======== Source data ========
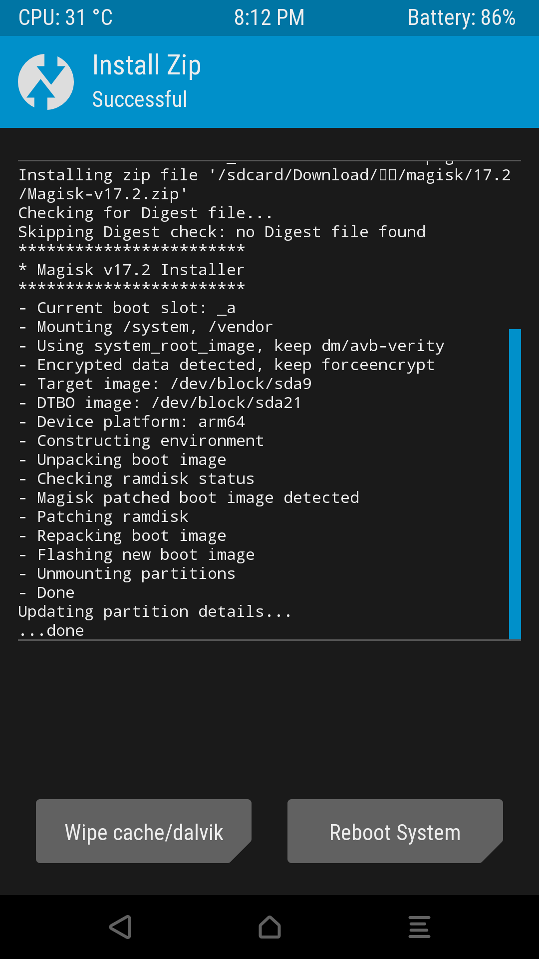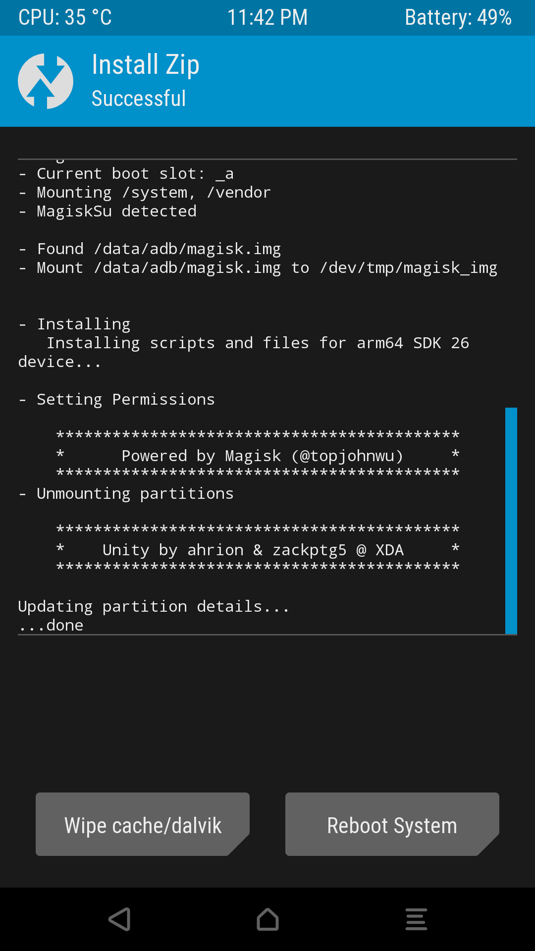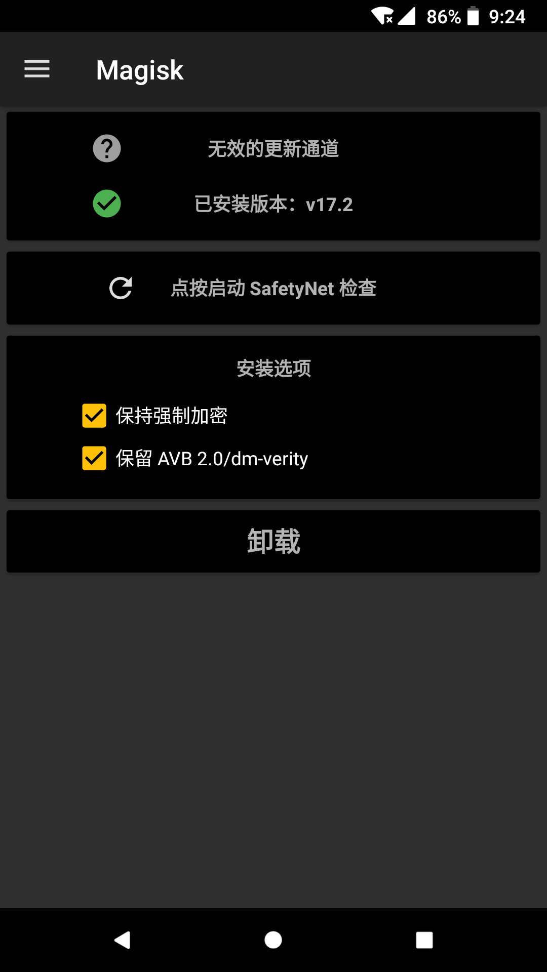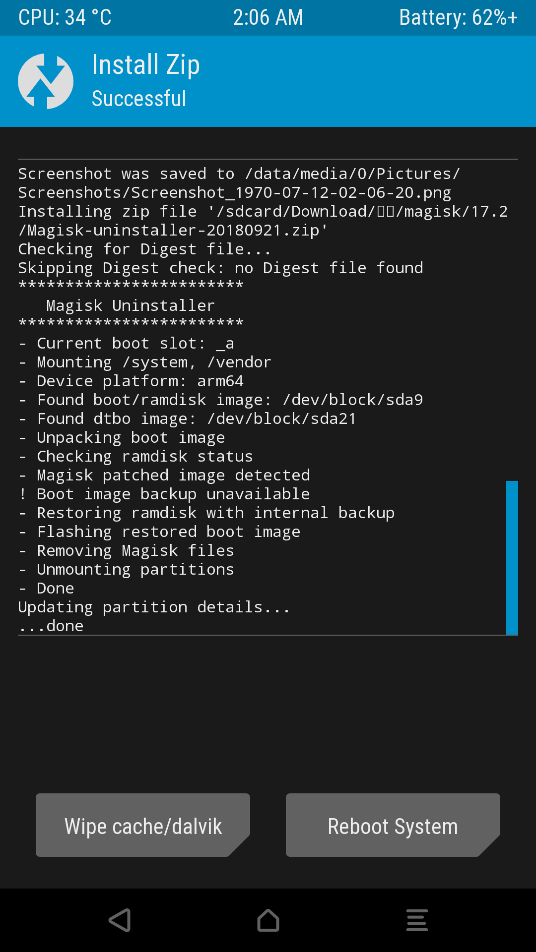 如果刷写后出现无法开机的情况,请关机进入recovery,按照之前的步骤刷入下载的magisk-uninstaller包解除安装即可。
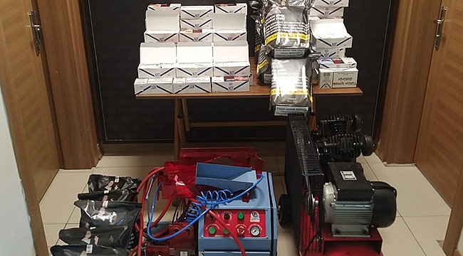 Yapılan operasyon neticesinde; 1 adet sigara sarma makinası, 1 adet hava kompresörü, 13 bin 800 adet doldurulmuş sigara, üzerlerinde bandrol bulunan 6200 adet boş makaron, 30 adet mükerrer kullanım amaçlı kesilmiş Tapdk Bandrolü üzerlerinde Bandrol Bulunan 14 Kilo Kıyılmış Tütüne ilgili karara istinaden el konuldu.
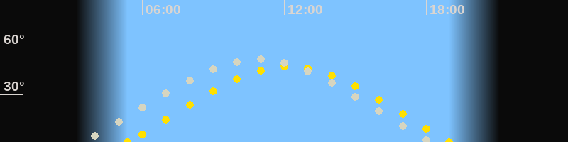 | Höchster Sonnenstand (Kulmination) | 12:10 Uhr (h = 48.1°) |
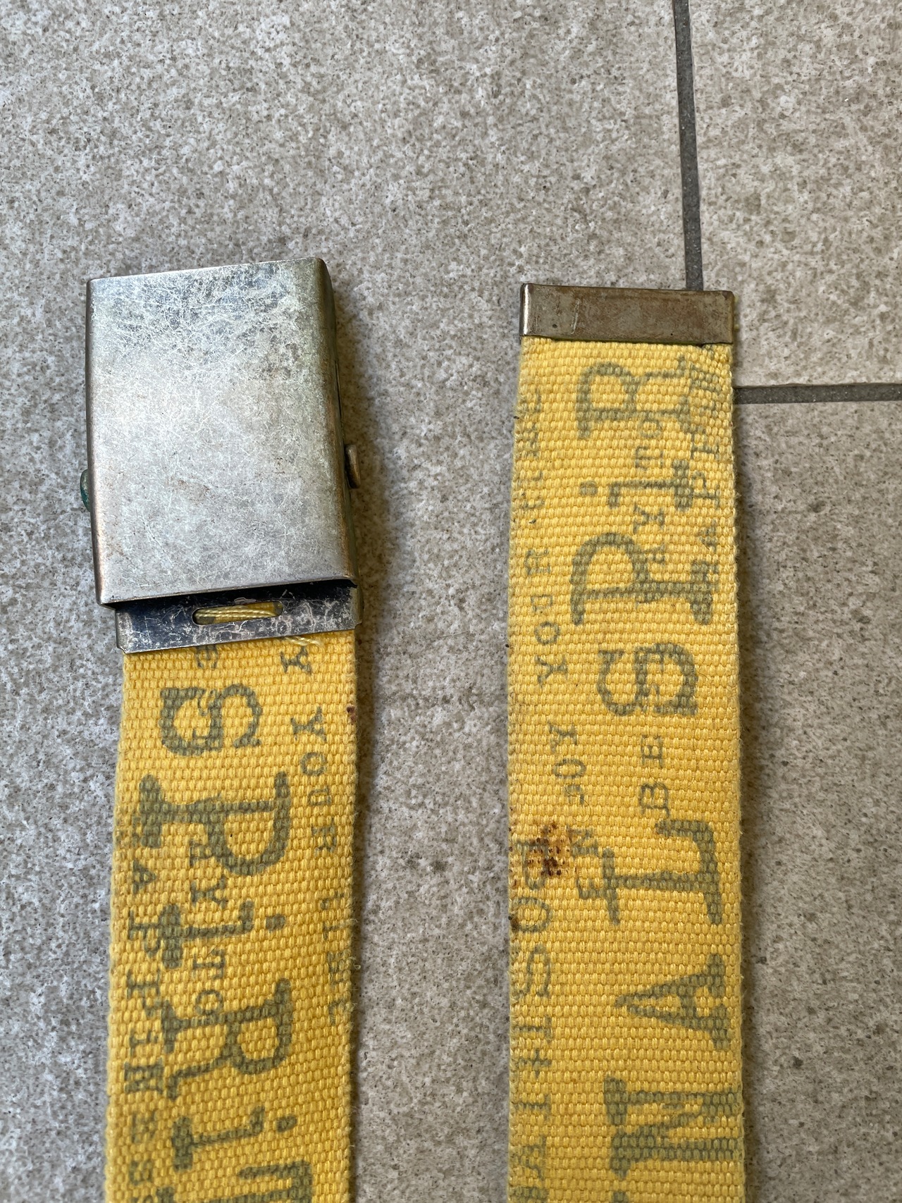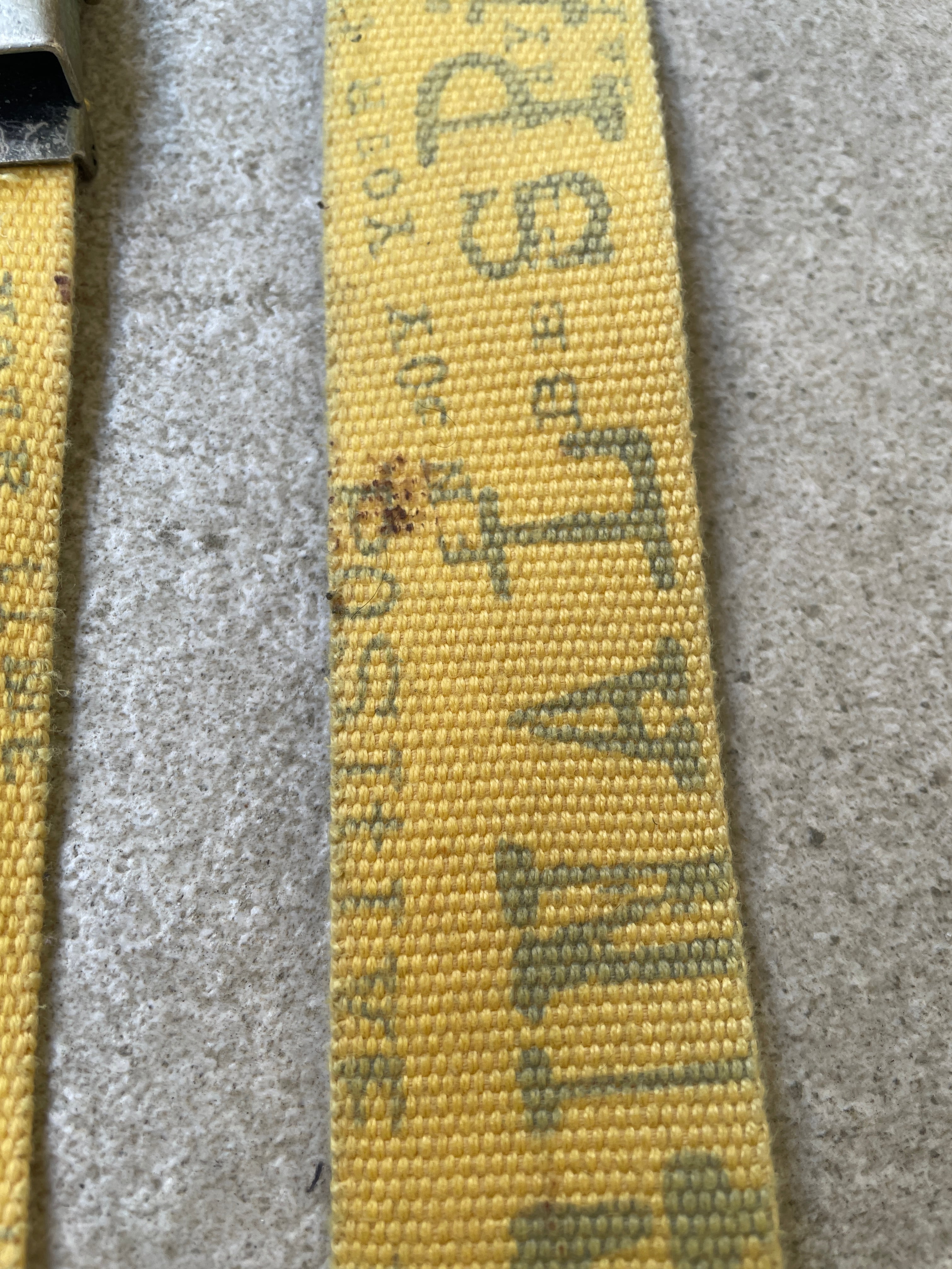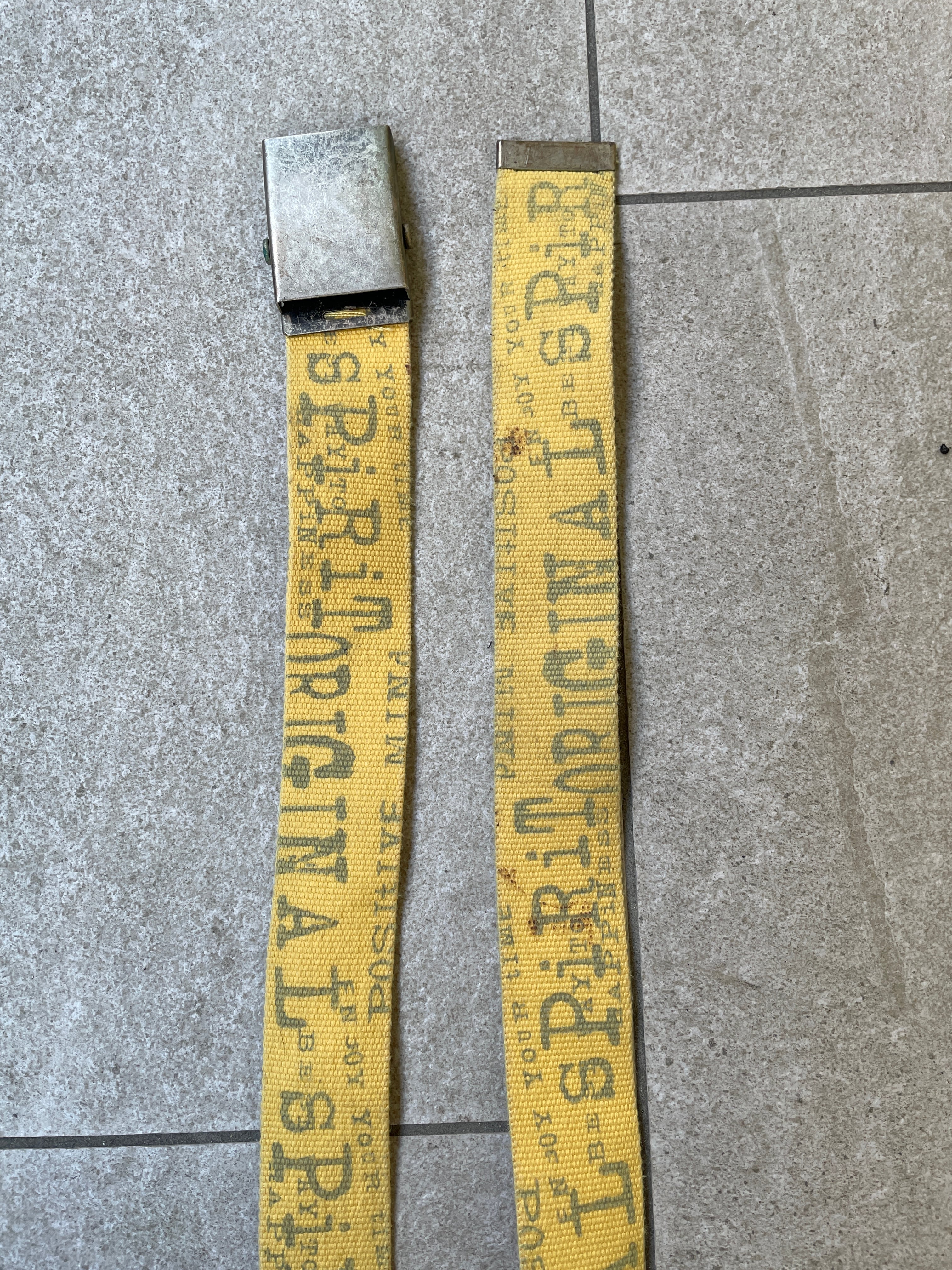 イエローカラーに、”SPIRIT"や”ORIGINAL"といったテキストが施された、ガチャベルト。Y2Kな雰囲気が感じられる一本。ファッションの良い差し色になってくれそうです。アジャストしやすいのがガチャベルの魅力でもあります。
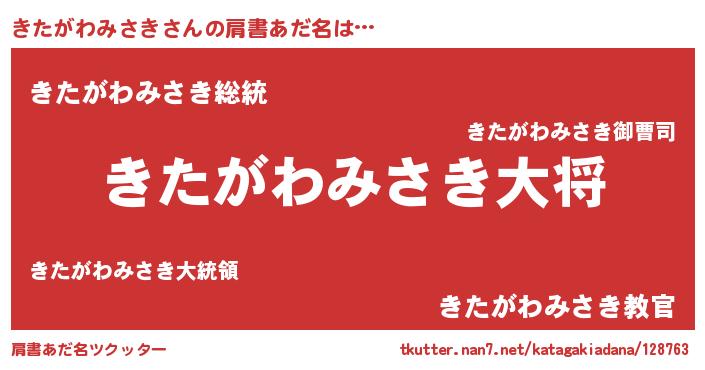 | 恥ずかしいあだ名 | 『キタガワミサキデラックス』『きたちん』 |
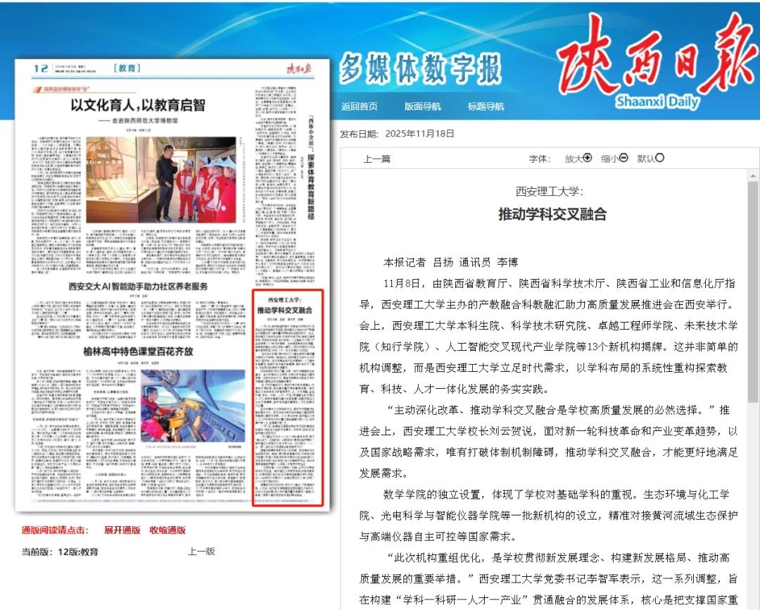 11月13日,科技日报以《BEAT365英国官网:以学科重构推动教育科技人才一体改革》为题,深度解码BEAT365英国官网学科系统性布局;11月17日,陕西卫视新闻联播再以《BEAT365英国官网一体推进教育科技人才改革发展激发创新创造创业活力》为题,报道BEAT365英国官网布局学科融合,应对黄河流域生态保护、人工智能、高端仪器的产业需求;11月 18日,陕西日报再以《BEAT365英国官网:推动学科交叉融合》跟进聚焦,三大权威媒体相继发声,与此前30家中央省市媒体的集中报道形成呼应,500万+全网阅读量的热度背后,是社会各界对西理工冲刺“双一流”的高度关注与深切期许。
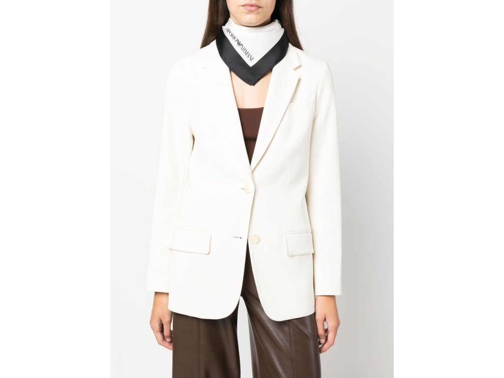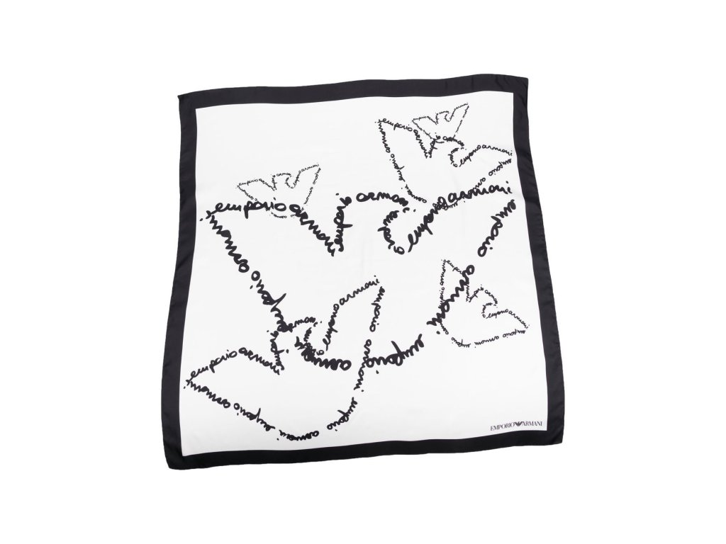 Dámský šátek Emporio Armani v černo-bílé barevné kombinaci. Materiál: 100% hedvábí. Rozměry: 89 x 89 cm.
========
_Task prompt_
From the data above, write out everything exactly except the pictures.

_Exercise solution_
 如果刷写后出现无法开机的情况,请关机进入recovery,按照之前的步骤刷入下载的magisk-uninstaller包解除安装即可。
 Yapılan operasyon neticesinde; 1 adet sigara sarma makinası, 1 adet hava kompresörü, 13 bin 800 adet doldurulmuş sigara, üzerlerinde bandrol bulunan 6200 adet boş makaron, 30 adet mükerrer kullanım amaçlı kesilmiş Tapdk Bandrolü üzerlerinde Bandrol Bulunan 14 Kilo Kıyılmış Tütüne ilgili karara istinaden el konuldu.
 | Höchster Sonnenstand (Kulmination) | 12:10 Uhr (h = 48.1°) |
 イエローカラーに、”SPIRIT"や”ORIGINAL"といったテキストが施された、ガチャベルト。Y2Kな雰囲気が感じられる一本。ファッションの良い差し色になってくれそうです。アジャストしやすいのがガチャベルの魅力でもあります。
 | 恥ずかしいあだ名 | 『キタガワミサキデラックス』『きたちん』 |
 11月13日,科技日报以《BEAT365英国官网:以学科重构推动教育科技人才一体改革》为题,深度解码BEAT365英国官网学科系统性布局;11月17日,陕西卫视新闻联播再以《BEAT365英国官网一体推进教育科技人才改革发展激发创新创造创业活力》为题,报道BEAT365英国官网布局学科融合,应对黄河流域生态保护、人工智能、高端仪器的产业需求;11月 18日,陕西日报再以《BEAT365英国官网:推动学科交叉融合》跟进聚焦,三大权威媒体相继发声,与此前30家中央省市媒体的集中报道形成呼应,500万+全网阅读量的热度背后,是社会各界对西理工冲刺“双一流”的高度关注与深切期许。
 Dámský šátek Emporio Armani v černo-bílé barevné kombinaci. Materiál: 100% hedvábí. Rozměry: 89 x 89 cm.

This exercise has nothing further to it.